One of my favourite pleasures in life is when I’m thousands of miles from home and pop something into my mouth that I know I’ll never forget. Time somehow stops while the taste buds explode. That moment…

This recipe comes from a particular moment in a little surf town in southern Mexico during the mid noughties. A café on the coast. No English spoken, no frills, no rush, just mindblowingly good carnitas.

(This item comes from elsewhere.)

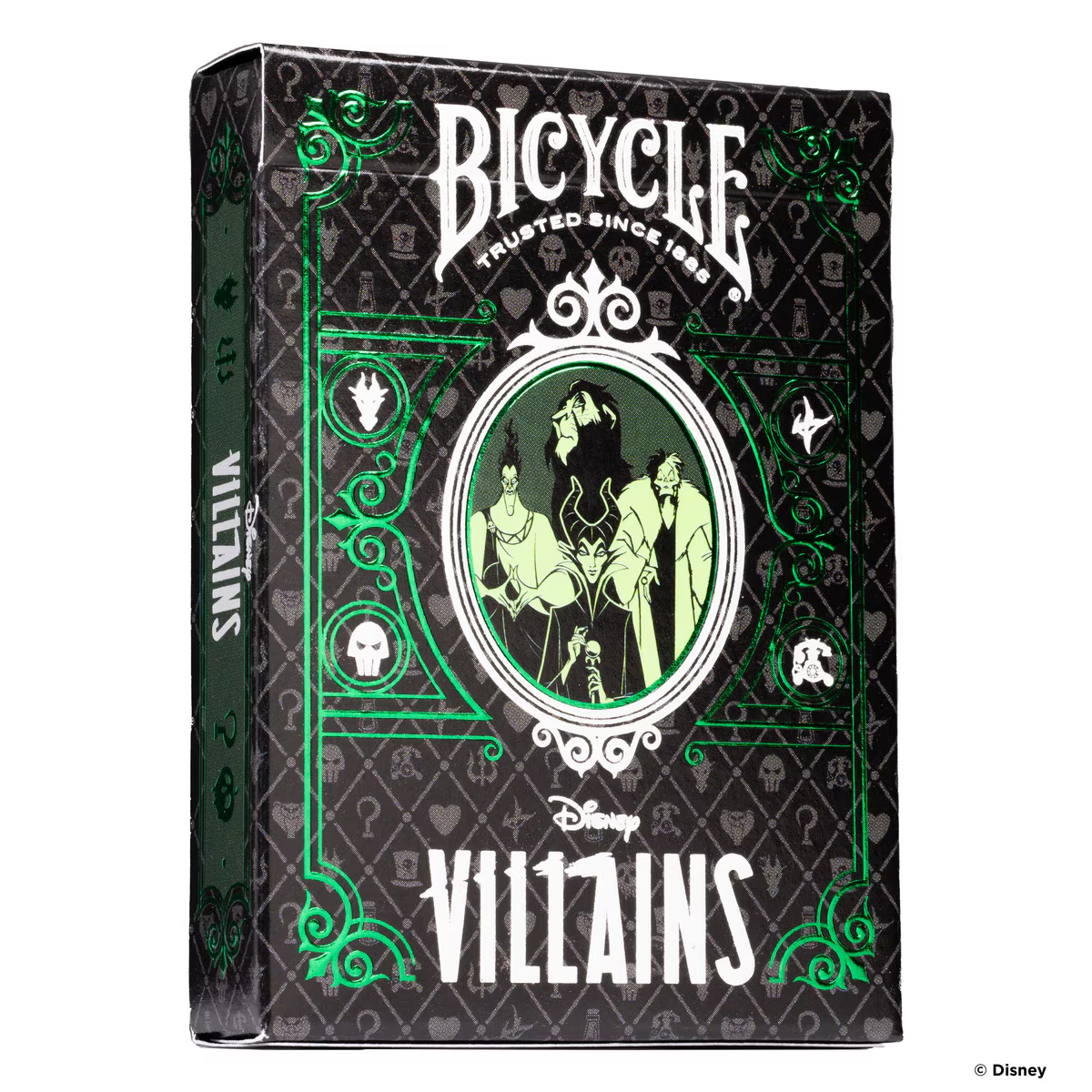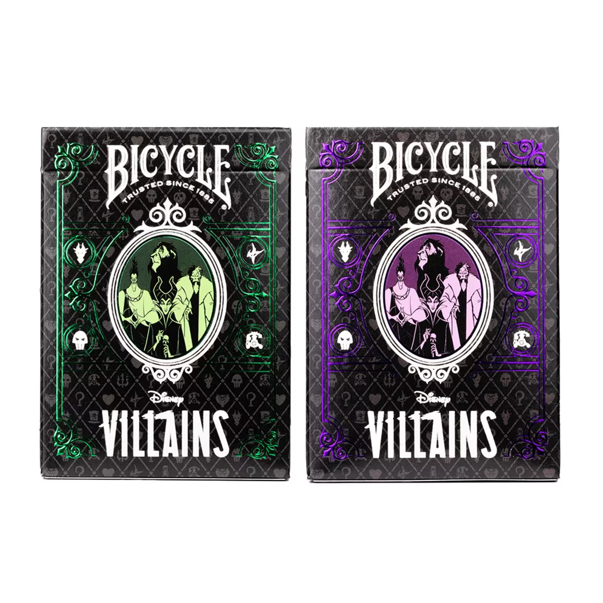 Adéntrate en el lado más oscuro de Disney con la Baraja de Cartas Villanos Disney de Bicycle. Esta increíble baraja rinde homenaje a los villanos más icónicos de Disney con ilustraciones personalizadas y un diseño único que captura su esencia maléfica.

I don’t even know the name of the tiny, stand-alone hut in the middle of this hippy beach. For all I know, it could be littered with coffee places and pilates classes by now. But that flavour stuck with me and I’ve dedicated much time to replicating it! On my quest, I found a few recipes that suggest not to brown the meat before braising, so I've gone with this flow. It also makes for one of the simplest “pop it all in a pot” recipes I’ve ever come up with.

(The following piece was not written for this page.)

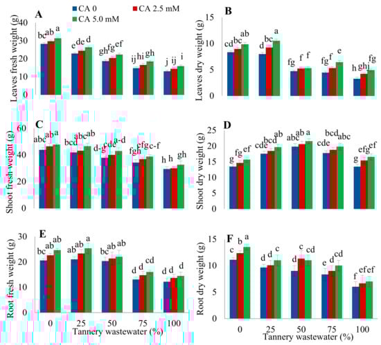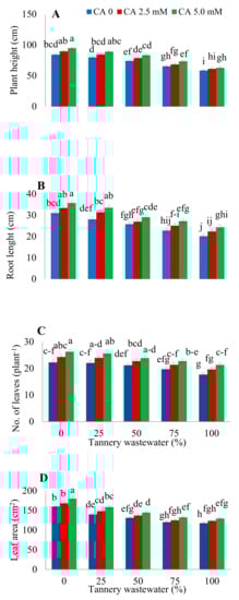 Growth features of sunflower plants under various treatments of tannery wastewater, along with application of CA, are presented in Figure 1 and Figure 2. Findings revealed that increasing concentration of wastewater treatment progressively reduced the plant height, root length, number of leaves per plant, and the leaf area (Figure 1), along with the fresh and dry weight of root, shoot, and leaves of sunflower (Figure 2). The highest decrease in the abovementioned parameters was noticed upon 100% wastewater treatments. However, CA application remarkably improved all the studied agronomic traits, both under stressed and normal growth environments. The maximum ameliorative effect of CA was observed at 5.0 mM foliar application treatment.

To be served in burritos, mini tacos, over rice, with guacamole, black beans, onions, peppers, sour cream… however you like.

Absolutely lip-smackingly delicious.

Serves: Family of 4 plus leftovers

Prep time: 5 mins

Cook time: 5 hours (of doing absolutely nothing)

Ingredients

1kg skinless pork shoulder (diced into chunky cubes)

2 tsp cumin seeds

2 tsp chipotle chilli flakes/paste/powder

2 tsp dried oregano

1.5 tsp salt

3 cloves garlic (crushed and chopped)

1 bay leaf

500ml chicken or veggie stock

150ml orange juice

Method

Try not to get your knickers in a twist over how little there is to it…

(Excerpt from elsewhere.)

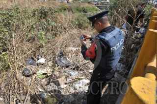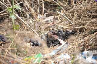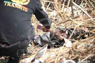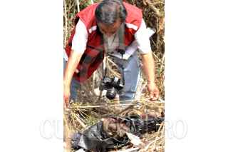 MÉXICO, D.F., 28FEBRERO2010.- Una cabeza fue descubierta cuando era comida por perros. Dicha testa se encontraba en una bolsa en color negro junto con cinco bolsas más que contenían los restos humanos lo que ocasiono fuerte movilización policíaca para checar la zona. Peritos Mexiquenses acudieron para tomar conocimiento de los hechos y realizar el levantamiento de dichas bolsas. Versión extraoficial indicaron que fueron dos los cuerpos destazados. FOTO: LUIS CARBAYO/CUARTOSCURO.COM

Put everything into a large, oven-suitable pot. Set the oven to 130’c, pop a lid on and let it sit in the oven for 4-5 hours.

Grab a pair of tongs or a fork (even a spoon will do - that’s how tender it’ll be) and press on the meat until it falls apart under the pressure. Stir it through the juices, taste for seasoning and place it back in the oven, uncovered, for half an hour or until you’re ready to serve. As you serve each spoonful of the pork, it should be wet and dripping with the juicy liquor.

Serve with guacamole, rice, black beans, onions, peppers, coriander, chillies, lime, sour cream… the full works.

TIPS

  • Ask your butcher to dice the pork shoulder so that there’s nothing to do other than measure out the other ingredients.

  • Whole, bone-in shoulder obviously works great, but I find the chunky, diced meat absorbs all of the flavours and juices more evenly.

  • Dry toast your cumin seeds for a minute in a small pan before crushing them in a pestle and mortar if you have the time.

  • If you don’t have cumin seeds in the cupboard, use ground cumin.

  • If you like it HOT up the chipotle dosage or even add some chopped up fresh chillies to the pot for the last hour.